C'est dans ce contexte, présenté dans le sous-chapitre 4.1, que se constituent les deux principaux agents religieux catholiques rencontrés, soit la Théologie de la libération et le Renouveau Charismatique, dont les réponses à la question de la pauvreté vont se construire progressivement et différemment dans leur conquête respective des champs religieux puis politique, tel que je l'ai présenté au sous-chapitre 4.2.

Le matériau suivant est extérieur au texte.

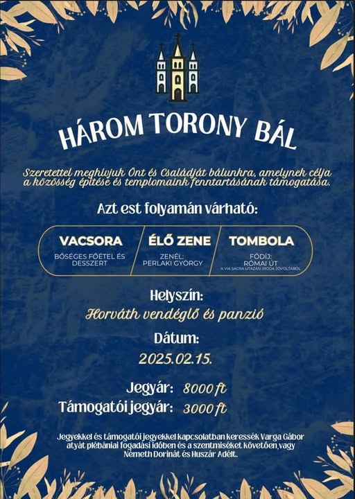 Február 15-én, szombat kerül megrendezésre a Három Torony Bál Egyeden, amelynek célja a közösség építése és a helyi templomok fenntartásának támogatása.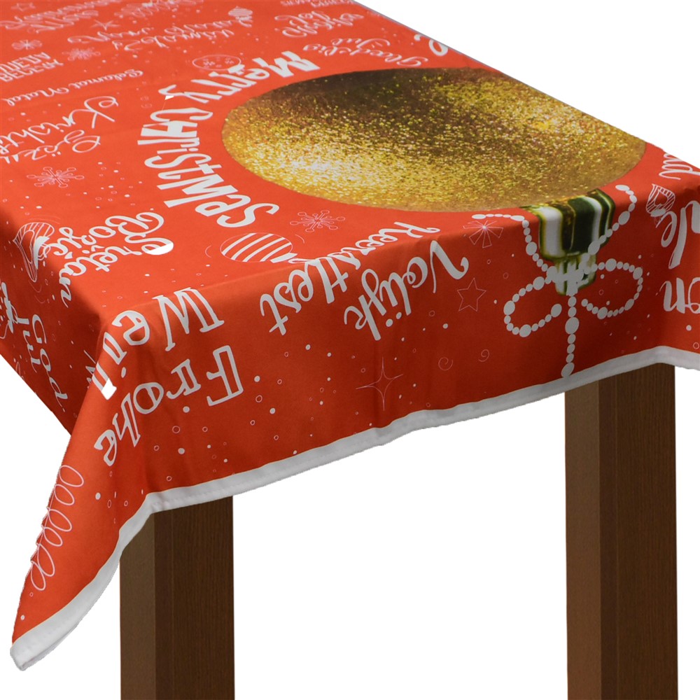 Mbulesë tavoline në formë drejtkëndore, prej materiali 65% pambuk dhe 35% poliestër, me përmasa 135x170 cm, me dizajn Krishtlindjesh me figura 3D në ngjyra të ndryshme. Përdoret si një objekt dekorativ dhe funksional, për shtrimin e tavolinave për 6 persona, gjatë festave të Krishtlindjes dhe Vitit të Ri. Materiali përbërës është rezistent ndaj larjeve, nuk përthith yndyrën apo njollat dhe nuk mban rrudha, gjë që e bën më të lehtë larjen dhe hekurosjen. Ky produkt është i përshtatshëm për përdorim në ambiente të brendshme jo-profesionale dhe mund të lahet lehtësisht në lavatriçe në një temperaturë deri në 40°C, për të ruajtur butësinë dhe ngjyrën e materialit.

Il semblerait que l’histoire des transformations de ces deux agents du champ religieux brésilien vienne donner raison à Bourdieu lorsqu’il affirme que le capital symbolique est transférable d’un champ à un autre, via des négociations au cours desquelles les agents cherchent à avoir de plus en plus de valeur accordée à leurs produits. Ainsi, tant la Théologie de la libération que le Renouveau Charismatique se sont développées dans la Baixada à travers leur implication de plus en plus orientée dans le champs politique (partidaire ou non) et il

semblerait que, là où la Théologie de la libération se retire de ce champ, le Renouveau Charismatique et les évangélistes pentecôtistes prennent la place.

L'utilisation, dans ce chapitre-ci, de trois articles particulièrement proches de mon sujet d'études m'a semblé pertinente en raison de leur niveau d'observations très englobant pour la Baixada, niveau que le contexte d'un mémoire ne me permettait pas d'atteindre (bien que ces observations trouvent presque toujours un écho dans mes notes de terrain ou encore dans mes propres entrevues).

Dans le chapitre suivant, par contre, toute la place sera laissée aux données micro-contextuelles auxquelles m'a donné accès mon terrain à Nova Iguaçu (plus particulièrement, aux entrevues), et qui me permettront de vérifier dans quelle mesure il me sera possible de répondre à la question de recherche de mon mémoire.